The secretary's attack, made on ABC's Good Morning America, was balanced by an assertion that some farmers "are in real trouble," but the remarks added to the already combative mood of many of the farmers in town.
Bergland was booed by farmers later in the day when he appeared before the House Foreign Affairs Committee. But in a session with reporters after the hearing, Bergland stood by his description of some farmers as "driven by greed."
"Make him secretary of agriculture in China," heckled one farmer who had sat through Bergland's testimony concerning the outlook for the growth of U.S. farm exports to China.
In his televised remarks earlier in the day, Bergland characterized visiting farmers and their problems this way:
"Those who are farming... from west Texas north are in real trouble -- that's true -- because of a high and rising cost of irrigation and the depleting water reserves. There are others who have made bad business judgments. They've paid too much money for land. I know some people in that category. Others are seeking publicity and others are driven by just old-fashioned greed."
When the broadcast ended, Bergland turned to the television crew in the studio and said, "We'll get calls on this one, won't we?"
As the secretary moved from the studio to an adjoining room he continued to complain about the demonstrators.
One person present said he heard Bergland describe Tommy Kersey, a leader of the AAM from Henderson, Ga., as "a pure right-wing southern redneck who is not hurting," financially.
Reached later, Bergland denied having made the statement.
"I didn't say that," he said.
During last year's AAM demonstrations here, Bergland frequently was heckled or harassed by farmers. In Amarillo, Tex., demonstrators threw eggs at him.
Bergland was criticized by some farmers yesterday for refusing to meet with AAM representatives this week.Aides responded that Bergland met recently with leaders of last year's AAM protests.
Gerald McCathern, national wagonmaster for the AAM, said on WJLATV last night that Bergland's statements were "regrettable" and "unmitigated lies." He said it appeared that Bergland was trying to provoke farmers into breaking out of their barricaded area on the Mall.

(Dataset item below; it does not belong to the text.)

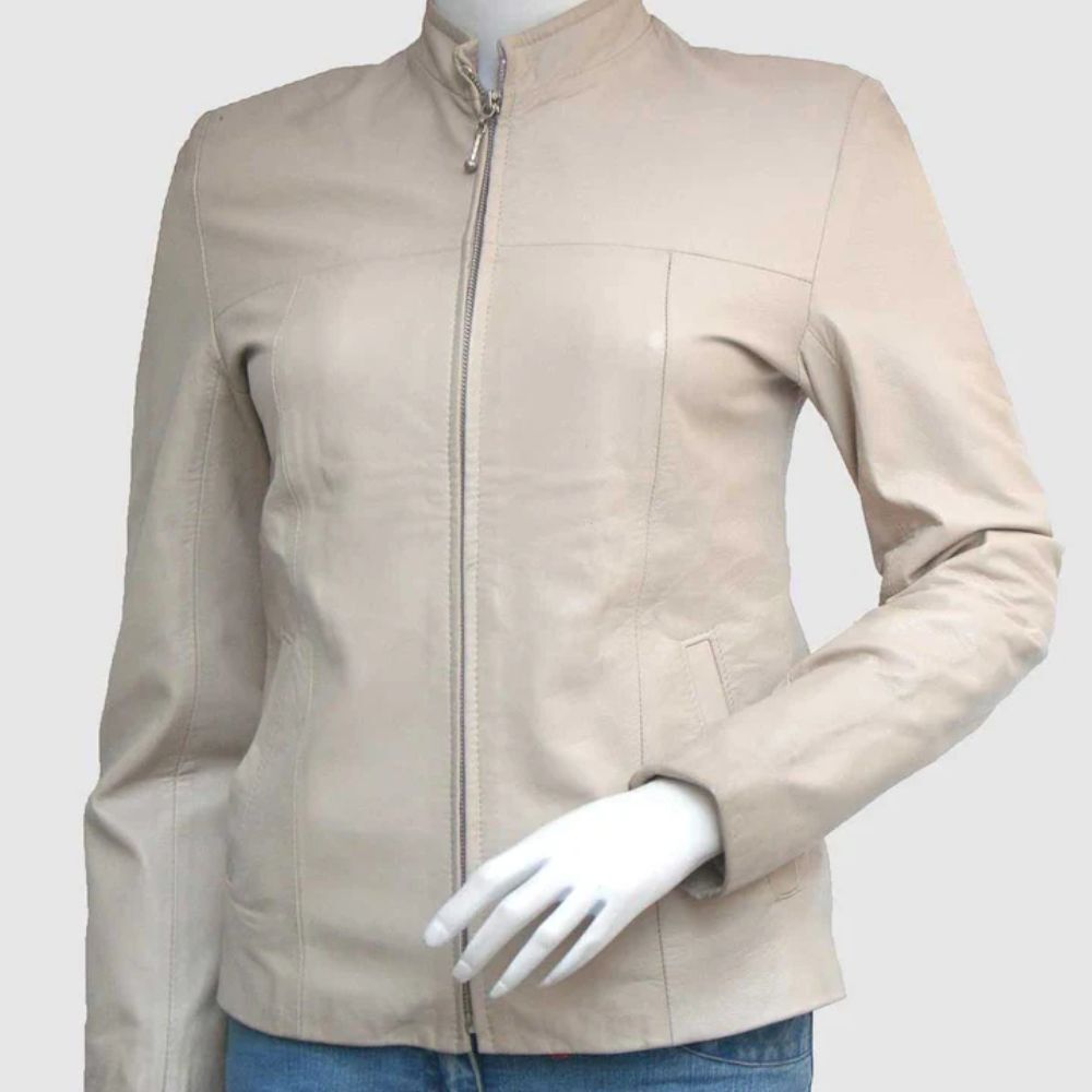 Cream Women’s Slim Fit Cowhide Leather Jacket – Minimalist Chic Style

A scheduled 10 a.m. meeting between Deputy Assistant Secretary of Agriculture David Unger and AAM representatives was canceled after no farmers showed up.
So far, the protests have shown no sign of moving Bergland or many members of Congress. Bergland said on his ABC-TV appearance yesterday that many of the farm troubles are localized and don't justify new federal programs.
He mentioned in particular the rising costs of irrigation for farmers in west Texas, Oklahoma, Kansas, Nebraska and Colorado.
Bergland told the House Foreign Affairs Committee that the steep increase in grain support prices would "turn the cattle industry inside out, and they're just getting on their feet."
Sources also released a Congressional Budget Office preliminary study showing that the increased supports sought by AAM would add $10.7 billion to government farm costs by 1980 and would cut wheat exports by half by 1981 by raising U.S. prices above world levels.